September 19, 2007 at 21:27

I usually say that parsing data is the bioinformatics equivalent to pipetting and preparing buffers. In our case it would much easier if databases and services were set up right.

Can we play guess the method ? pSTY :)
nsaunders

September 19, 2007 at 23:26

That’s a nice analogy. And yes, pSTY comes into it. This cautious blogging about unpublished stuff really isn’t my style. Oh, for an open science world.
Morgan

September 20, 2007 at 02:26

I completely agree! I usually hope that someone else has written a module in Bioperl, failing that I have to write another perl wrapper.
Pingback: » Learning from tech - Better APIs »
Julian Tonti-Filippini

September 24, 2007 at 12:11

Absolutely agree. The vast, vast majority of my time as a bioinformaticist revolves around the letter P. Parsing and porting with Perl, PHP and Python. 90% of my time spent doing soul-destroying gruntwork sometimes seems like an optimistic estimate.
Max

September 24, 2007 at 19:50

I would not use algorithms that are only available as web-servers. If there is no source code, I’d rather ignore the algorithm. Creating your own predictor might be more worthwhile than hacking away with Html::Form. Advantages:

You will have a fast program that you can run on huge datasets for a background estimation

You will understand the algorithm well

The data format will be perfect for your needs

All depends, of course, if you would be able to do this in 4 weeks… :-)

Max
nsaunders

September 24, 2007 at 21:19

Max, I’d normally agree with you. In this case though, the webserver comparison was requested by referees for a paper :( Clearly they’ve never tried it themselves.
Pingback: More on data munging… « Open.nfo
Max

September 28, 2007 at 07:31

There is a simple solution and I would love to discuss this in more detail on nodalpoint: Every damn author should be obliged to put the source code as supplementary information. A lot of trouble could be spared and the whole field would benefit from this kind of openess. I frankly don’t care as much about about open access as about accessible code complete with all the data, one big zipfile such that everyone can reproduce these results and possibly find the bug the is responsible for them. Or everyone could at least copy a part and build something new instead of re-writing all the time the ideas of others just because their code is unavailable/not explained / lacking the data from the paper.
keet

September 28, 2007 at 18:39

@Max: “…should be obliged to put the source code as supplementary information…instead of re-writing all the time the ideas of others just because their code is unavailable/not explained / lacking the data from the paper.”
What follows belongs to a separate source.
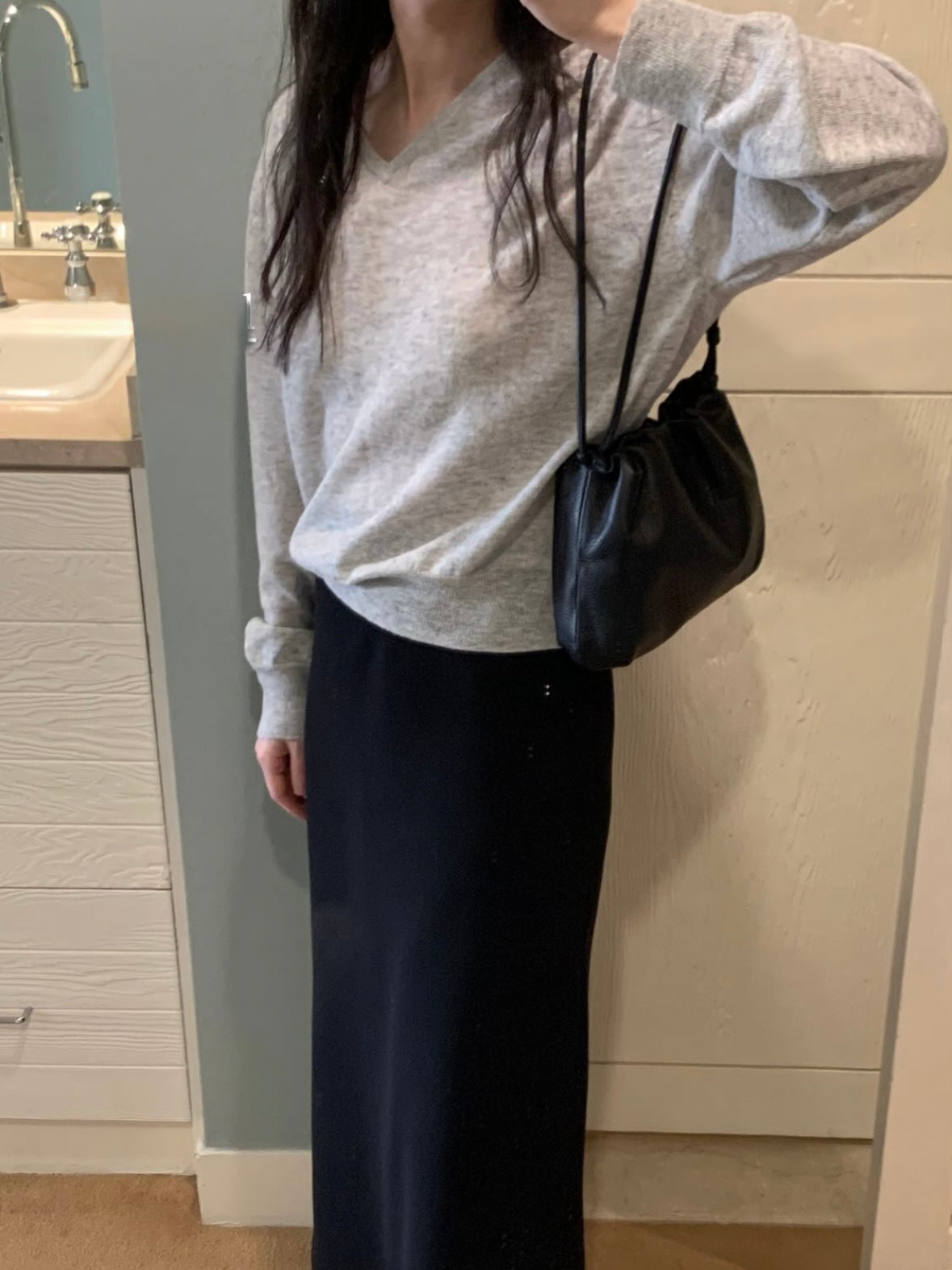 • Leather shoulder bag in black

maybe taking over all or part of the SIGMOD/PODS (top database conferences) Experimental Repeatability Requirements
http://www.sigmod08.org/sigmod_research.shtml
tha aim is to To help published papers achieve an impact and stand as reliable reference-able works for future research, the SIGMOD 2008 reviewing process includes an assessment of the extent to which the presented experiments are repeatable by someone with access to all the required hardware, software, and test data. Thus, we attempt to establish that the code developed by the authors exists, runs correctly on well-defined inputs, and performs in a manner compatible with that presented in the paper.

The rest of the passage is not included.